The new format will be more malleable and allow for deeper analysis by the general public and candidates, Tyskiewicz said. It’s also a resource for the county to point to when researchers and students ask for data, said Liz Dell, a business analyst in the county’s division of computer services. If you want to take a look now, the 2016 general election results have been transferred to the new format. (Previous election results are still online in the old format.)
On Wednesday, Dell gave The Incline an overview of the update and five of its most noteworthy changes.
- At the top of the results page, you’ll see races by level (from federal to state to county and municipal). Click one, and there will be a bar graph for each race. In the primary, there’s a chart for each political party in each race.
- Click on the chart for a color-coded map based on the candidate that won the precinct. Hover over a precinct and a bar graph will appear showing the percentage of votes and number of votes for each candidate. (The number of write-ins represents the total, not a tally for each person who was written in.) For races in which the entire county doesn’t vote, precincts that aren’t eligible appear in white.
- Voter turnout data is also available that shows how many voters cast a ballot and the number of registered voters in each precinct. Especially important for election night, a chart and map will show how many precincts have reported so far.

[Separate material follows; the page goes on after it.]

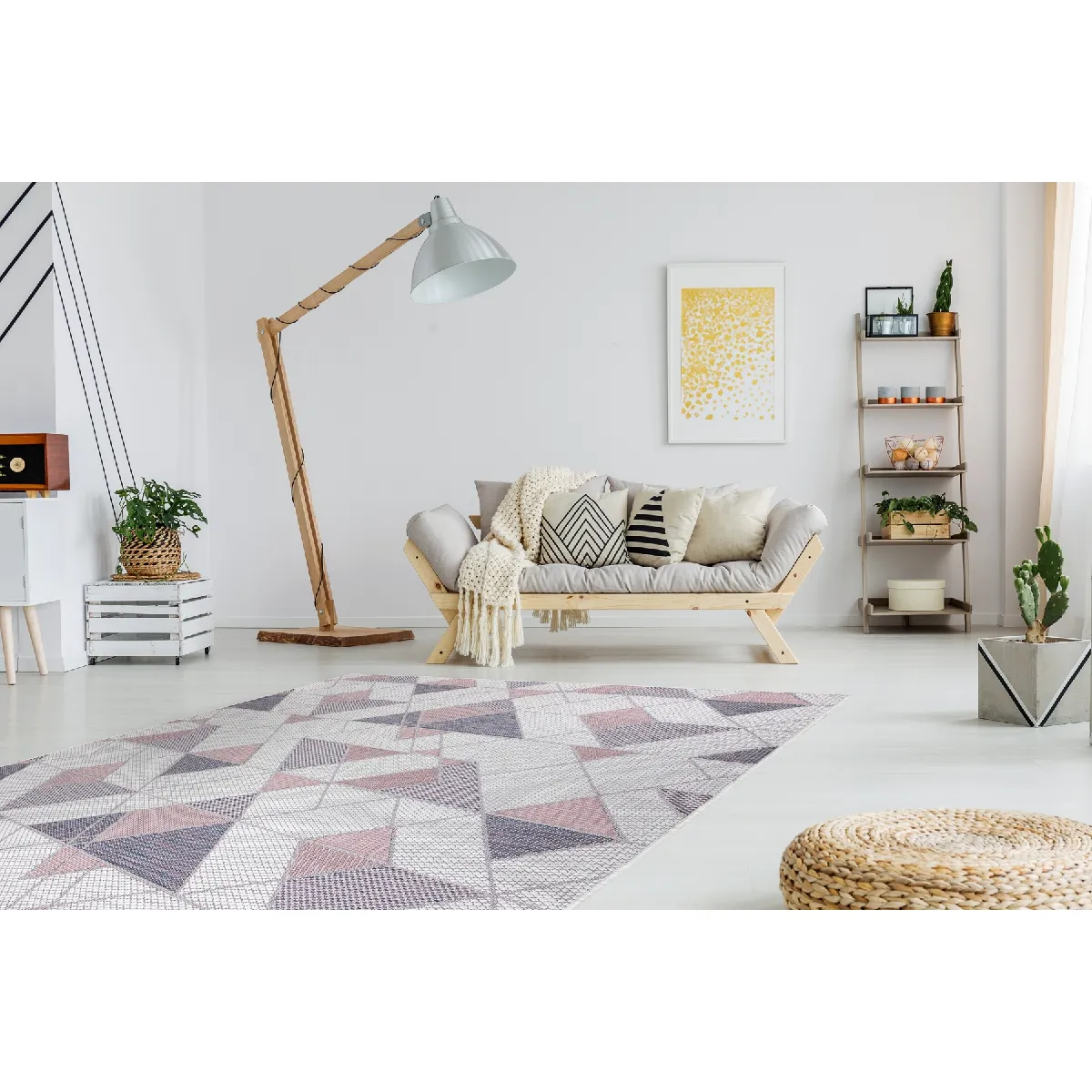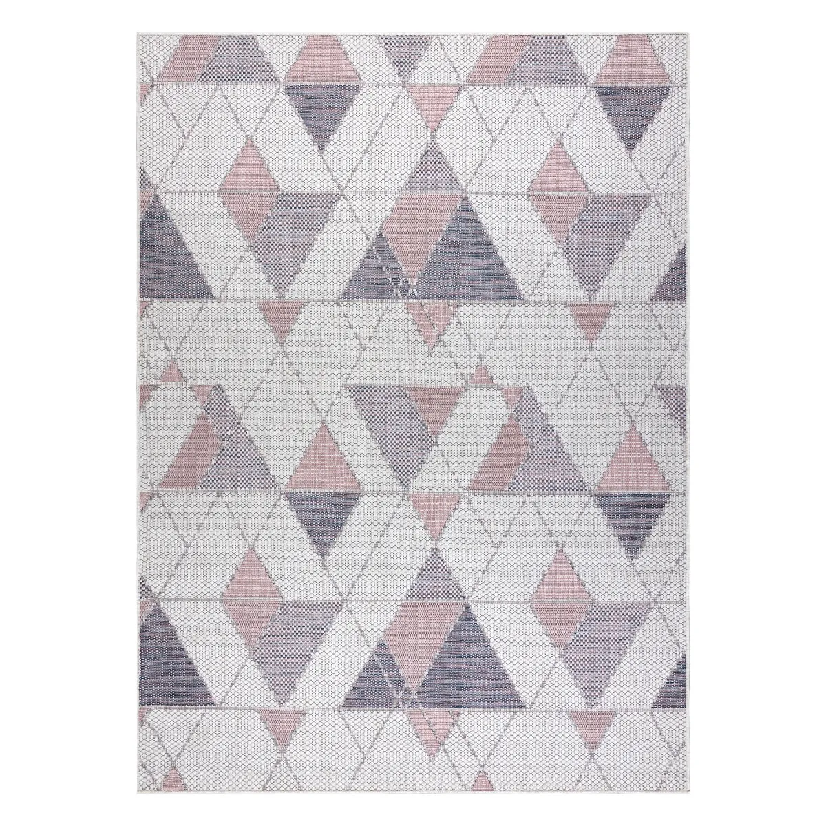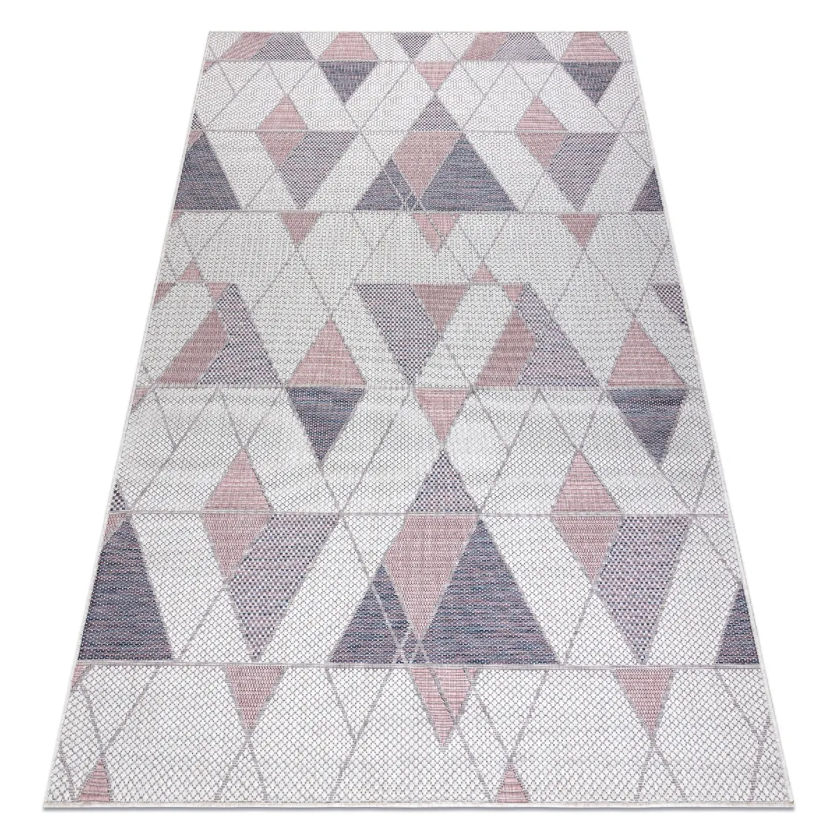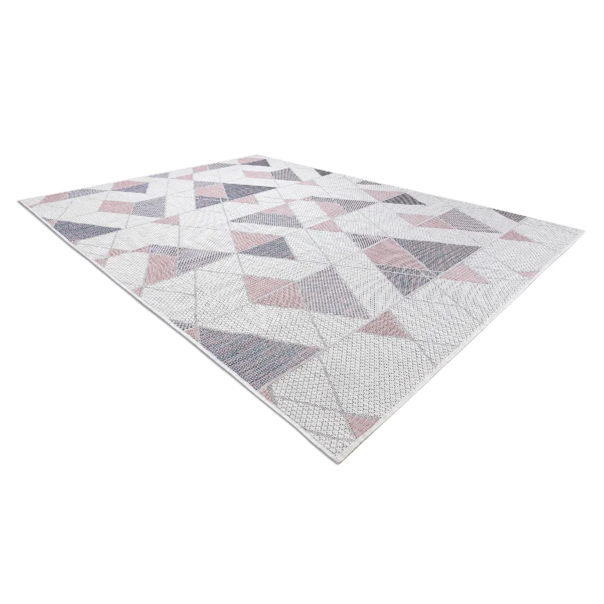 Tapis tissé à plat - Résistant aux intempéries - Ecru et rose - 160 x 220 cm

- You have the option to select “My Favorite Races.” Just click the star on the races you want to follow, and they’ll be there when you return to favorites. It’s based on your cookies, so no log-in is needed, but it will disappear if you clear your browser data.
- And lastly — the data is all available for download in multiple formats.
A word of caution on primary election night: Remember that the results aren’t final and don’t include absentee ballots, County Elections Division Manager Mark Wolosik said. Those are added in later, and the results will then say they are “final.” Absentees usually only represent about two or three percent of the vote, he said, “but that could make a difference in a municipal election.”
P.S. The deadline to register to vote is April 17. Voters who have moved, changed their names or changed their party affiliation have to notify the county.